The Streets of San Francisco is a television crime drama filmed on location in San Francisco and produced by Quinn Martin Productions, with the first season produced in association with Warner Bros. Television (QM produced the show on its own for the remainder of its run).

It starred Karl Malden and Michael Douglas as two homicide Inspectors in San Francisco. The show ran for five seasons, between 1972 and 1977, on ABC, amassing a total of 119 60-minute episodes. Douglas left the series at the start of its final season, and was replaced by Richard Hatch.

The series started with a pilot movie of the same title (based on the 1972 detective novel Poor, Poor Ophelia by Carolyn Weston) a week before the series debuted. Edward Hume, who wrote the teleplay for the pilot, was credited as having developed the series based on characters in Weston's novel. The pilot featured guest stars Robert Wagner, Tom Bosley, and Kim Darby.

Production

The Streets of San Francisco debuted on ABC on Saturday, September 16, 1972, at 9 pm Eastern, competing against the popular CBS sitcoms The Mary Tyler Moore Show and The Bob Newhart Show. After Streets gained attention on Saturday nights during the first season, the show was moved to Thursday, where it stayed for the remainder of its run, beginning with the second season, competing against other successful 1970s crime dramas, in different timeslots.

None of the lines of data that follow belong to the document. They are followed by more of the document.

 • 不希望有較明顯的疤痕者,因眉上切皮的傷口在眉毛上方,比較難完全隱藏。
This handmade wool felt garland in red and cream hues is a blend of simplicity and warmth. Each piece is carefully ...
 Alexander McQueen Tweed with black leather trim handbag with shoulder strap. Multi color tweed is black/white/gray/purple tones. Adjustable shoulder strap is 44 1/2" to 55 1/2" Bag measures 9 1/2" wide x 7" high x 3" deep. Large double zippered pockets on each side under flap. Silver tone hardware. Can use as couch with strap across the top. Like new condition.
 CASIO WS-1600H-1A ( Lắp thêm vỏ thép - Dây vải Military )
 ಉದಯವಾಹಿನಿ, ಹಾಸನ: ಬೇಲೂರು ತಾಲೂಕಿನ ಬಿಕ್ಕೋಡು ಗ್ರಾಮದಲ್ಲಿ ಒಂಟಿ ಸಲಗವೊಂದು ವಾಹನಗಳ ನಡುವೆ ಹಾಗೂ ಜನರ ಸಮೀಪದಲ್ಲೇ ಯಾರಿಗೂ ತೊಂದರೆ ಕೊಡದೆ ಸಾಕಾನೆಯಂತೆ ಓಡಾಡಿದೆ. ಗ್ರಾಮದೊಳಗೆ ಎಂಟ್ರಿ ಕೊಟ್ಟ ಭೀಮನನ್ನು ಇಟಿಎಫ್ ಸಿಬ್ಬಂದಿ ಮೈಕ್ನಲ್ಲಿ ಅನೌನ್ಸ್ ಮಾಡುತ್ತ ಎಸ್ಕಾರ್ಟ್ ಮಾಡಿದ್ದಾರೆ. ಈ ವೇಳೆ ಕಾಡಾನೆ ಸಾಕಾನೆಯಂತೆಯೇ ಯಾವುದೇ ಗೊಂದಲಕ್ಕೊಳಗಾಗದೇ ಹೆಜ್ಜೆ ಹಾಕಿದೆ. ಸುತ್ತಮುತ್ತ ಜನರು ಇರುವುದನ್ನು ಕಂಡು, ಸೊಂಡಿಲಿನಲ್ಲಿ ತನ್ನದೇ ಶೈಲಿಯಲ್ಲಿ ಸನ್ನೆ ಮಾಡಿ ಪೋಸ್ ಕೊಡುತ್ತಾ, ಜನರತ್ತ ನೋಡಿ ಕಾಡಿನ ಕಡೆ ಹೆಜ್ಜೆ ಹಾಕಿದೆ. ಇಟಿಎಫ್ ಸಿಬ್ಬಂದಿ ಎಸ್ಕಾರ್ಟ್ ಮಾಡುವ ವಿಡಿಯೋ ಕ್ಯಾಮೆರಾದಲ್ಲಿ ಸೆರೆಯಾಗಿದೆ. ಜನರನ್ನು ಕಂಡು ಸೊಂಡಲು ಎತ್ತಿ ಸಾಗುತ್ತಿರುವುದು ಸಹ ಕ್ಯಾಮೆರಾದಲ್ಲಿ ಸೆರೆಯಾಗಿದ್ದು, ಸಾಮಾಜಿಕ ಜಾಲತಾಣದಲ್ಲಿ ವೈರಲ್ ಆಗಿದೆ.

By all accounts, Malden and Douglas developed a strong professional and personal relationship from their time on the series. Twenty years after last working together on an episode, they were both onstage at the 1996 People's Choice Awards. Malden referred to Douglas as "the son I never had" and mentioned that he had wanted producer Quinn Martin to cast Douglas on the series. Douglas responded to the compliment by calling Malden "my mentor", and both expressed that they enjoyed working together on the show.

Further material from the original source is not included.